Wave properties of light

If you ask an average person about what he knows the properties of light, then no doubt, everyone will immediately call "reflection". Indeed, perhaps there is no such child who would not like to play on a sunny day with a small mirror that casts rays - the so-called solar bunny. Surely, many will remember how great it was to play with shadows - this is also a manifestation of one of the properties of light. But for some it will be a revelation that the waves that allow radio and television to reproduce the broadcasts are the same light. There are no miracles - everything is easy to explain. The reason for this confusion is the wave properties of light.

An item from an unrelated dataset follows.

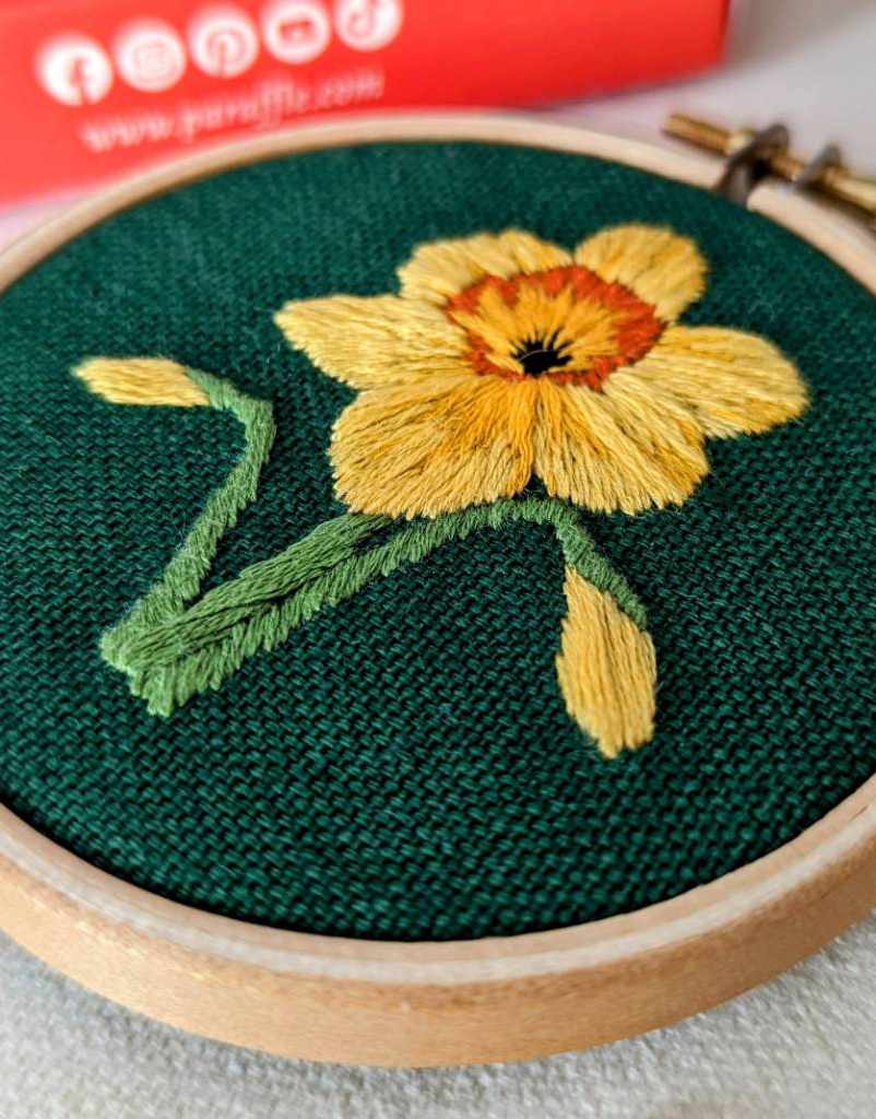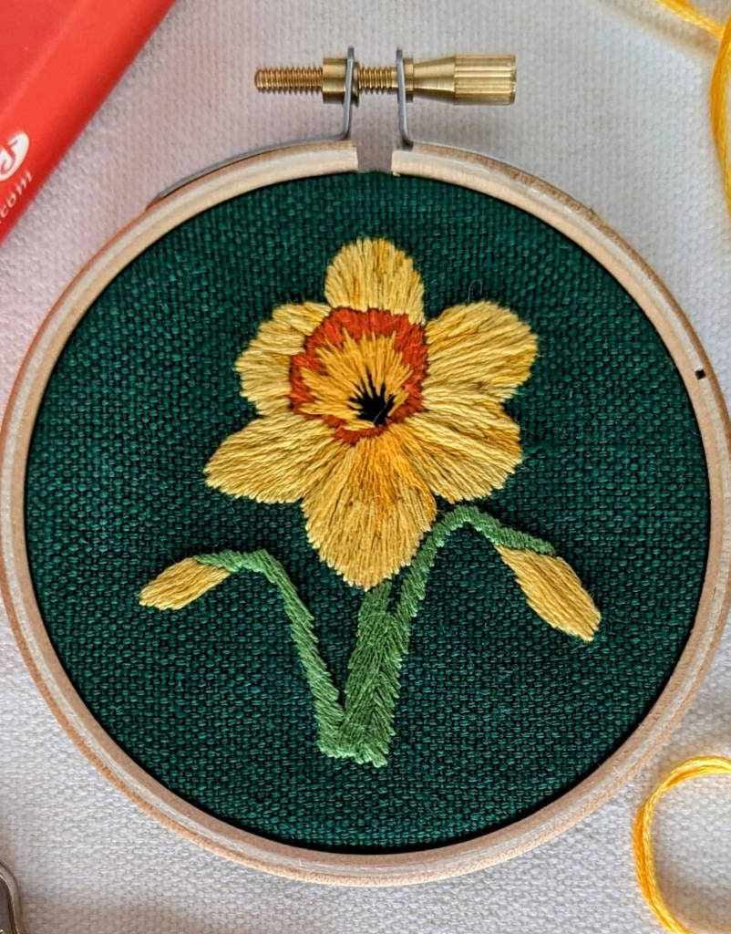 Is any flower more joyous than a gorgeous, golden daffodil? The bright yellows and oranges make this mini daffodil embroidery kit the perfect project to remind you of Spring.

Any substance whose atoms are in an excited state generate radiation of an electromagnetic nature. The mechanism is simple: any particles tend to a state of energy balance, so they emit excessive energy. It can be heat, visible light or some other kind of radiation. What is light? If we consider the entire spectrum, then the visible radiation occupies frequencies in the interval 790-390 THz. The peculiarity of this radiation lies in the fact that it has both the wave properties of light and the properties of particles (corpuscular). Who is interested in technical innovations, for sure, heard the expression "photon engine". From its nozzles, particles of light break out - photons, providing the appearance of a pulse. How, then, to understand the "wave properties of light," if we are talking about particles? The fact is that the light we see is dual: it can be represented both in the form of radiation, and in the form of a stream of particles. A number of experiments carried out make it possible to assert that both points of view are correct.

When the wave properties of light are considered, interference is necessarily mentioned. It is based on a change in the brightness (intensity) of areas of the surface illuminated by several light beams. It was interference that allowed Jung to conduct his famous experiment with two slits.

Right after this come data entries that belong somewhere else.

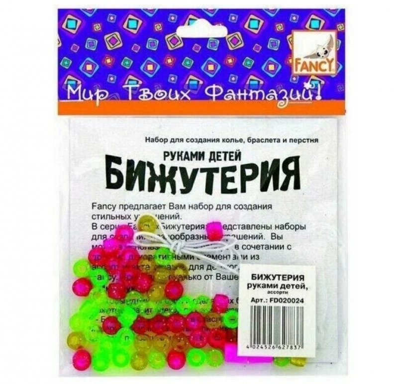 Набор разноцветных пластиковых бусин круглой формы для создания украшений и декора одежды. В наборе предусмотрен эластичный шнур для нанизывания.
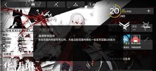 华法琳的特殊能力是“血液样本回收”,当她在非精英化状态下攻击范围内有敌军死亡时,会提升自己和攻击范围内某一干员1点技力。
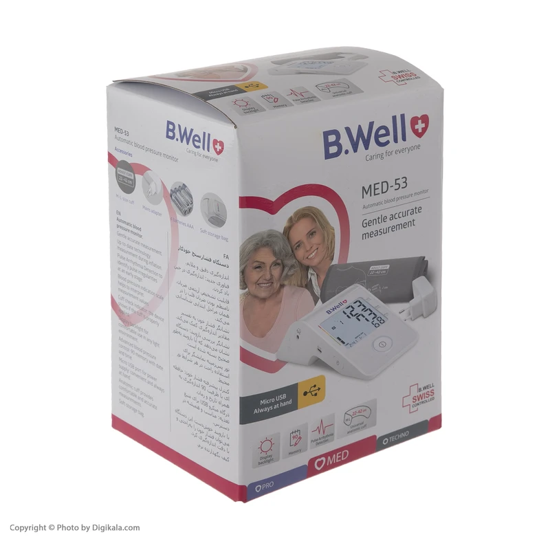 دستگاه فشارسنج بازویی بی ول مدل MED-53 نوعی فشارسنج خودکار و دیجیتال برای استفاده در مطب پزشکان و منزل است. این دستگاه دارای نوعی سیستم اندازهگیری فشارخون غیرتهاجمیست که برای اندازهگیری فشارخون دیاستولیک و سیستولیک و ضربان قلب افراد بزرگسال استفاده میشود. این فشارسنج با استفاده از روش غیرتهاجمی، که در آن بازوبند قابل باد کردن دور بازوی فرد بسته میشود، ساخته شده است. سایز دور بازوبند محدود به 22 الی 42 سانتیمتر است و به همین دلیل برای بازوهایی با این اندازه مناسب است.

The next property is diffraction. There are several explanations for this phenomenon, but for a person unfamiliar with optics, the following explanation can be given: diffraction is a bypass of an obstacle on the way by a wave. That is, theoretically, the radiation flux from a point source can never "touch" the shadow area of an object, formed by two vectors, but in practice this assumption is violated. "Guilty" in this is exactly the diffraction. Sometimes it is seen as one of the manifestations of interference, which is not an error.

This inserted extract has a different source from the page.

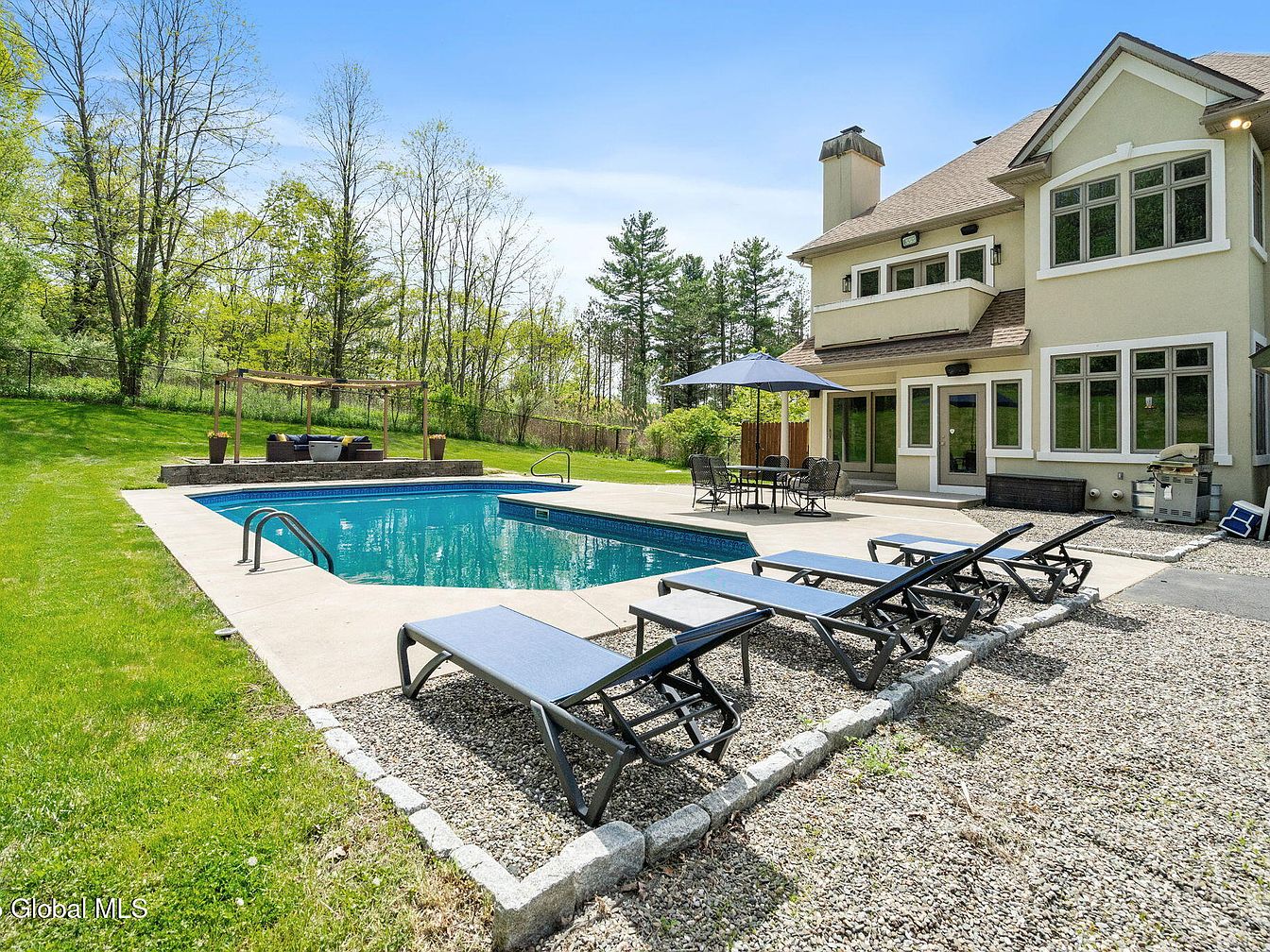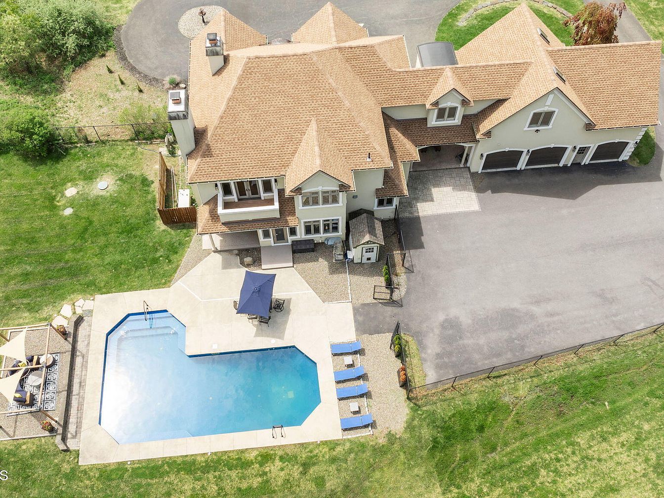 This expansive backyard features a large, uniquely shaped swimming pool bordered by a clean, light concrete deck. Four blue lounge chairs line one side, perfect for sunbathing. The adjacent patio area showcases a central table with a navy blue umbrella, offering shaded outdoor seating. To the left, a more intimate pergola-covered seating space with beige fabric provides a cozy retreat, accented with outdoor rugs and cushions. The home’s exterior sports a warm beige stucco finish with white trim and a multi-gabled roof in tan shingles, complementing the natural green lawn surrounding the space. A spacious driveway and three-car garage add convenience.

The phenomenon of refraction is widely known. It can be observed at home: it is enough to pour water into a glass and place a spoon there. If we now look at the spoon, then in the place of the air-water transition there is a noticeable distortion, which breaks the geometric regularity. This is due to the refraction of the rays at the boundary of two different media.

Have you ever wondered why, with a sunny winter day, the brightness of the light is so high that you have to wear glasses with darkened glasses? The reason for this is the reflection of the rays from the white surface formed by the snow. Part of the waves changes the direction of their movement to the opposite because of the interaction with the surface.

To study the behavior of particles in quantum processes, an optical lattice is used. If several beams of the laser parallel to direct in one direction, and they counter - the other rays, then in the intervals there will be an energy potential. The surrounding neutral atoms are concentrated in its minima, forming a semblance of a crystal lattice. By varying the frequency of the rays, the angle between them, or the radiated power, it is possible to control the behavior of these atoms.